* [EXERCISE REQUIREMENTS]: Your task is to retype the lines from the opening of the material through the line that includes "1973 (Sept.) Succulents". Do not copy the pictures.

* [INFORMATION SUPPLIED]:
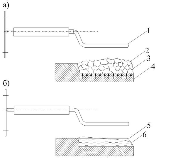Рисунок 3.8 - Схема индукционной наплавки: а – начало процесса; б – окончание процесса; 1 – индуктор ТВЧ; 2 – частицы наплавляемого сплава; 3 – частицы флюса; 4 – деталь; 5 – слой жидкого флюса; 6 – жидкий присадочный сплав
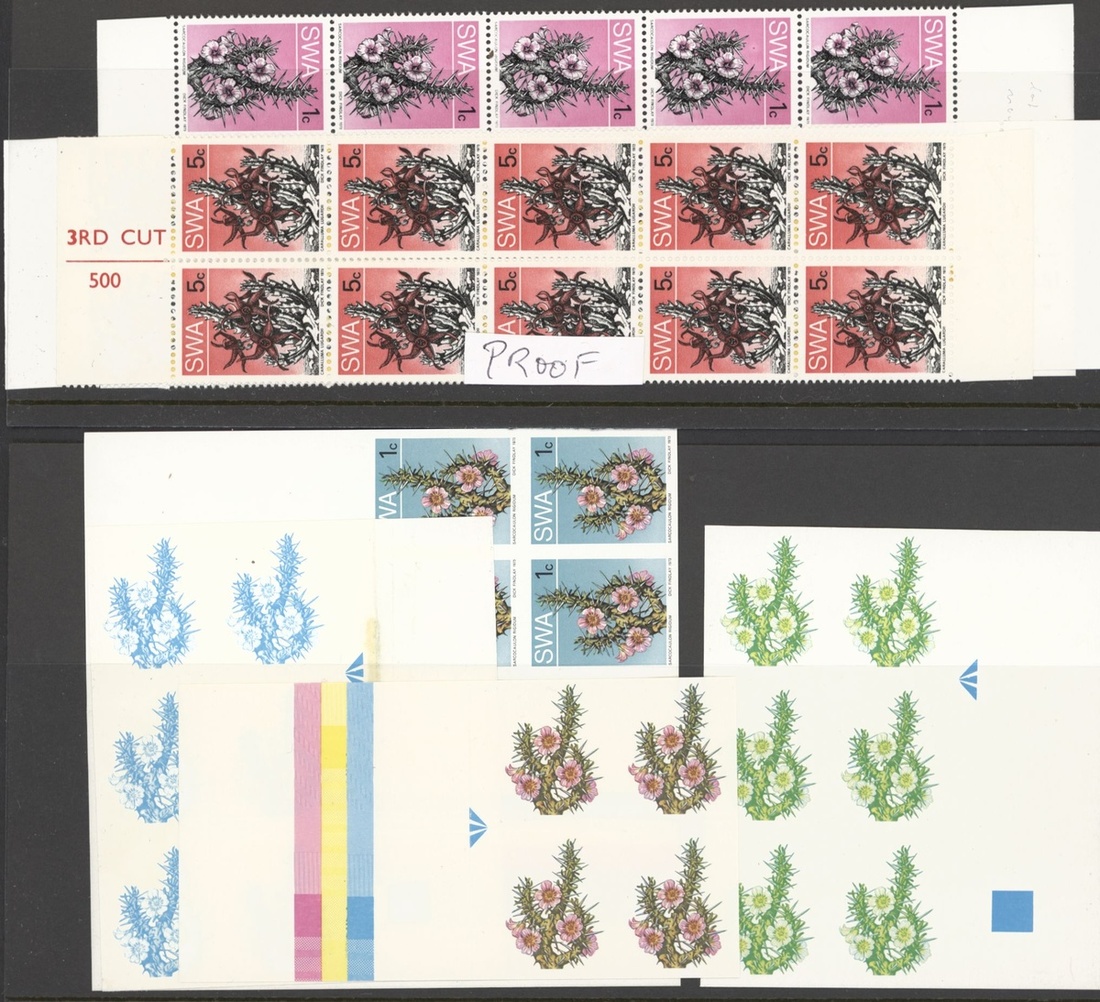 1973 (Sept.) Succulents selection of proof items with set of sixteen imperforate pairs, 1c. set of three progressive proofs and as issued, all in imperforate blocks of four, and coil stamps 1c., 2c. and 5c. perforated blocks of ten (2x5), the 2c. imperforate horizontally; fine. Cat. R. 21,800+
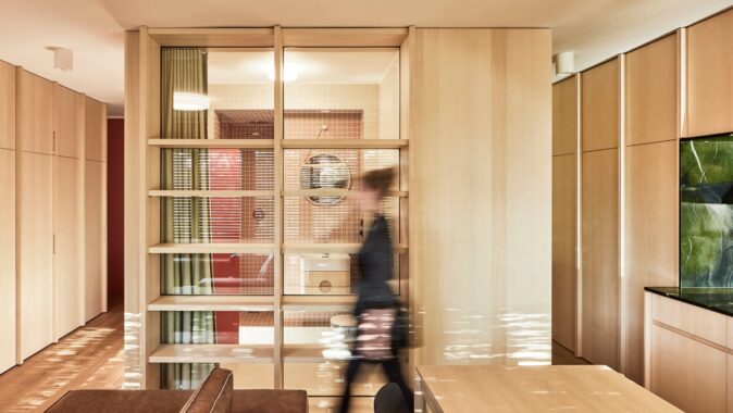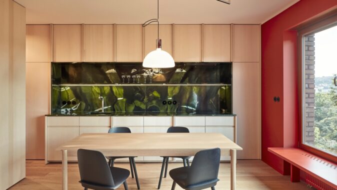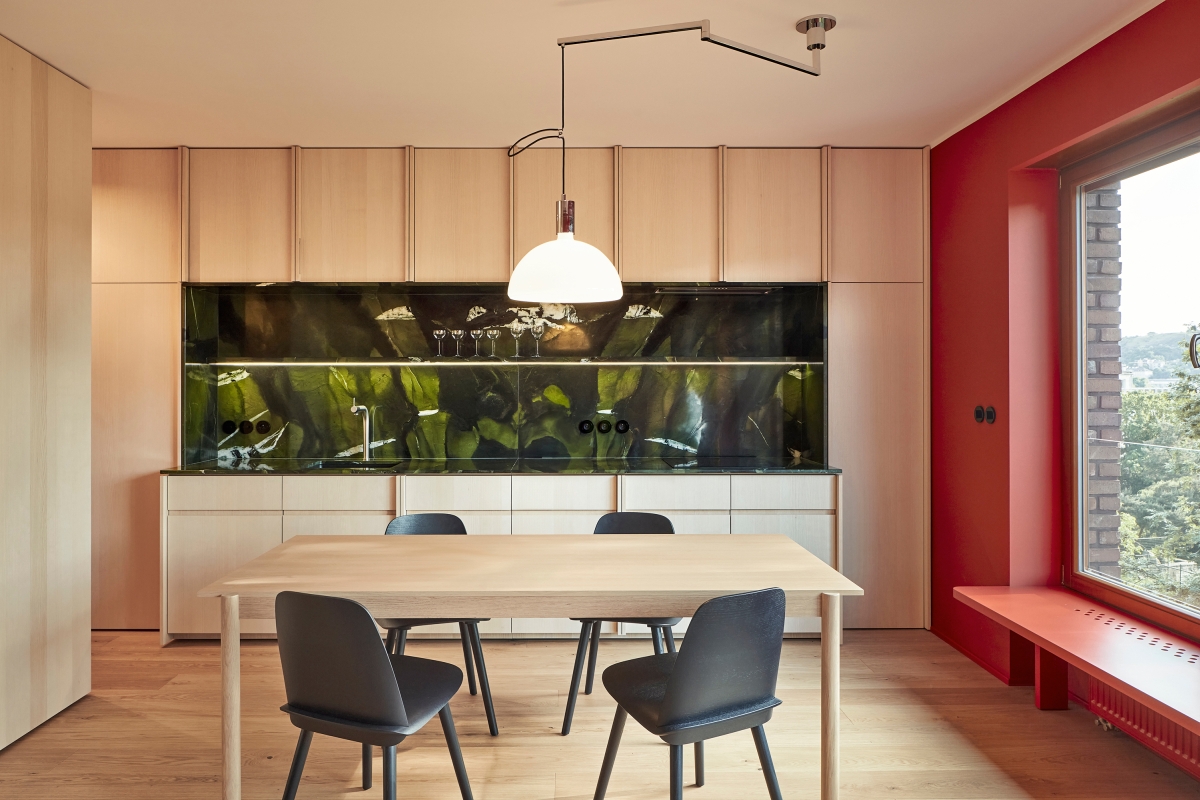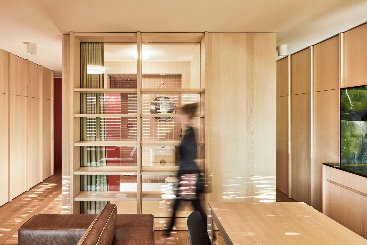 Zadáním projektu byla komplexní rekonstrukce interiéru bytu pod pražským Vyšehradem. Využili jsme příležitosti a vytvořili novou, efektivnější dispozici. Pomocí prosklených policových stěn jsme prosvětlili koupelny v centrální části bytu.
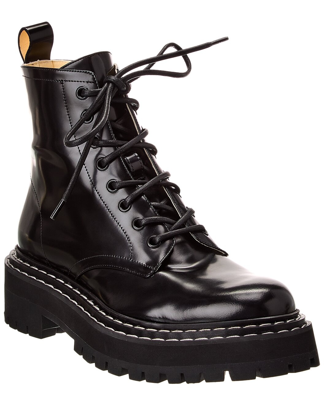 - Price as marked - Please note: Size selections are European. For US conversions, please reference size chart. - Made in Italy - Color/material: black leather - Design details: tonal hardware, inner side zipper - Lace-up closure - Lightly padded leather insole - Rubber lug sole - 2in heel - 1in platform - 6in shaft - 9in boot circumference - Please note: All measurements are approximate and were taken from a size 37; slight variations may occur. - The Boot Size Guide - Our products are 100% genuine. In some cases we purchase merchandise from trusted independent suppliers and not directly from the brand owner. In all cases we stand by the authenticity of every product sold on our site.
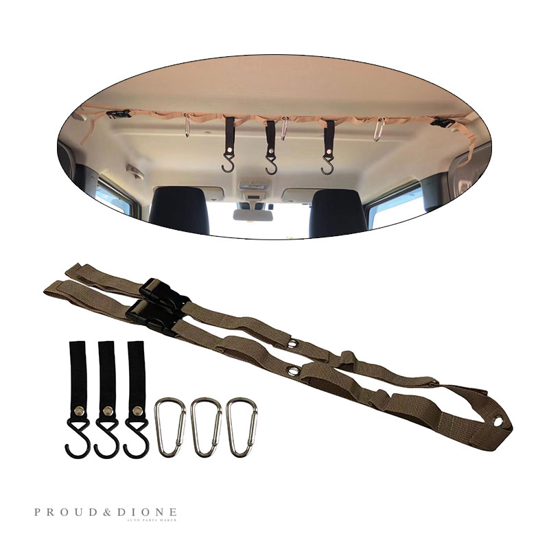 PROUD GEAR プラウドギア ハンギングベルトセット カラビナ フック付 丸穴3ヶ所 車内収納 サンドカーキ アウトドア レ...
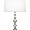 This table lamp features a slim, rectangle column with leather panels which sits on a sleek slab-like chrome base.
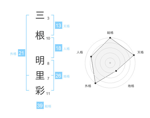 三根 明里彩さんを姓名の画数から五運を鑑定
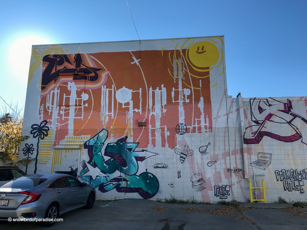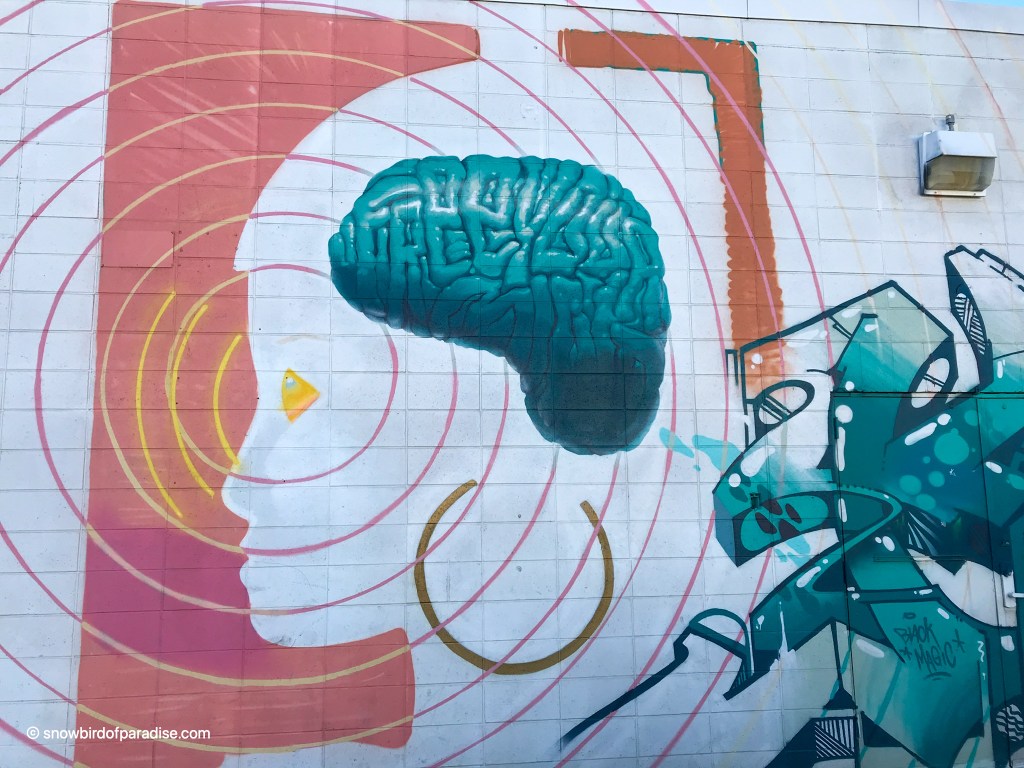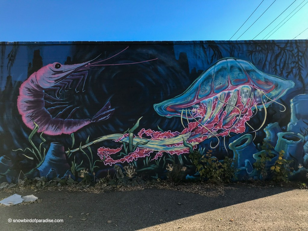 Just behind some shops on 82nd Avenue in Edmonton is an alley with some interesting murals. They are from several different artists and show a variety of styles, but they have one thing in common; courageous flair. I am always impressed by the confidence it takes to create artwork on such a massive scale, and I wonder about the processes the artists go through in planning and executing large murals.

* [SOLUTION TO THIS EXERCISE]:
Рисунок 3.8 - Схема индукционной наплавки: а – начало процесса; б – окончание процесса; 1 – индуктор ТВЧ; 2 – частицы наплавляемого сплава; 3 – частицы флюса; 4 – деталь; 5 – слой жидкого флюса; 6 – жидкий присадочный сплав
 1973 (Sept.) Succulents selection of proof items with set of sixteen imperforate pairs, 1c. set of three progressive proofs and as issued, all in imperforate blocks of four, and coil stamps 1c., 2c. and 5c. perforated blocks of ten (2x5), the 2c. imperforate horizontally; fine. Cat. R. 21,800+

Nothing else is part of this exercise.